The sacking of an entire community by well-armed “herdsmen” ought to have raised more than a red flag, but no, the train was moving unstoppably eastwards: then last week, the “herdsmen” attacked Uzo-Uwani in Enugu, and killed about 40 people, as was reported by the press. This came after 76 members of a community in Awgu were arrested for trying to defend their community from this armed militia, and while the DSS allegedly discovered secret graves of the cattlemen in Abia state, for which it called a World Press conference. Until he was goaded into it by the loud outcry, President Buhari remained as silent as the Sphinx. When finally he spoke, he instructed the police to investigate.

This is utter nonsense. Investigate what? That a community was sacked by armed intruders in an organized pattern that is spreading southwards? Two things are clear to me at this stage: this “Fulani herdsmen” are not the old herdsmen that drove their cattle through the Southern streets of yore. These are well-trained soldiers, with very sophisticated arms. A number of patterns are beginning to emerge, and we must see the pattern in the activities of the Janjaweed in Southern Sudan, which began to sack villages, rape and kill, and abduct women, especially young women whom they “sold” to slavery. There is increasing evidence that these people whom the Nigerian press often glibly call, “Fulani Herdsmen” may be more than it seems. They may be an advance party of armed, and well-trained militia, activating the first thrust in a war that we are unprepared to engage.

 These may be the remnants of the Janjaweed, trained Al-Qaeda militia, sleeping cells, some of whom are your maiguards, some of whom are mingling with the host communities, and readying to spring into action at the appropriate time, armed with the guns from Libya. That the Nigerian Armed Forces and its National Security services have never paid attention to the infiltration of Nigeria tells so much about the state, quality, and mission of Nigeria’s National Security. As far as I’m concerned also, Governor Ugwuanyi is a weak, unimaginative political leader. Sources said he was aware of the impending attack in Uzo-Uwani. He summoned a meeting, called his Police Chief and the Commander of the 81 Div in Enugu, who asked him to call the President to issue direct orders.
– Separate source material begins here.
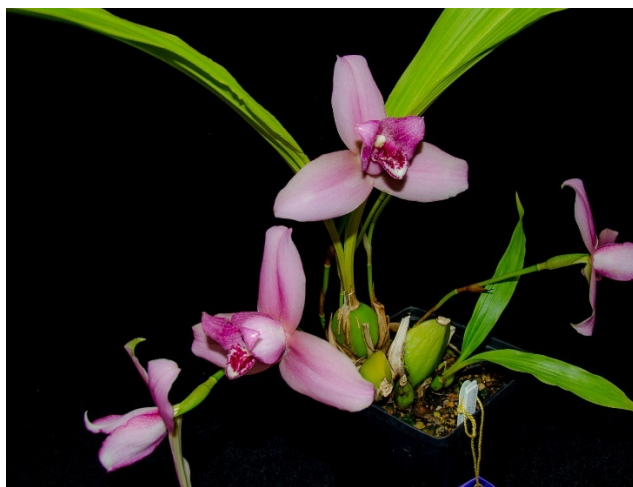
Lycaste Skinneri Ipala Guatamalensis x John Ezzy Pink.

The governor allegedly called the president and was kept on hold, and an aide later said the president was too busy to speak to the governor, while a massacre was afoot in Enugu! The Enugu governor has of course denied that all this happened. The next day he was seen smiling sheepishly into a Camera in Abuja in a picture with the President in Aso Rock. “At no point did I call the president, or anyone in the presidency for that matter. There was no need” Ugwuanyi said. But what did the governor do while Uzo-Uwani burnt? Nothing. He sat in a meeting wringing his hand with worry while a massacre was taking place right under his nose. My question is, “what would M.I. Okpara have done?” Certainly, Okpara would never have waited for the president before taking charge, by every means necessary, of the protection of the lives of those who elected him and whom he swore to protect. What do these Governors do with all the security votes allotted to them in state budgets if they cannot protect the lives of the citizen?
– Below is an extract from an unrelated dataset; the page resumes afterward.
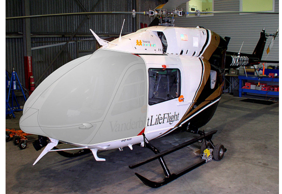
EC-145 Windshield/Nose Cover (illustration)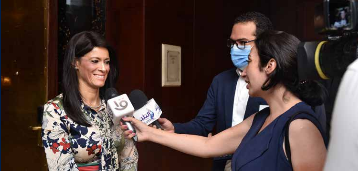
H.E. Dr. Rania Al-Mashat

I think it is also clear that over and over again, the police, the military, and the security services have shown that they cannot protect the citizens of Nigeria, and particularly of the East. Here then is the only thing left to be done: every man above the age of 18 in Nigeria must as a matter of obligation and personal safety, procure a gun for their own self-defence. Citizens must defy the law that forbids them from the right to own guns. Nigerians are on their own now. The nation can no longer protect them. Security must now be a matter of self-help. The attacks in Uzo-Uwani proves this unambiguously, for as one of the community leaders said, “we knew they were coming.” Yet, they did nothing. They just waited. It is a bloody shame, and a bloody trap.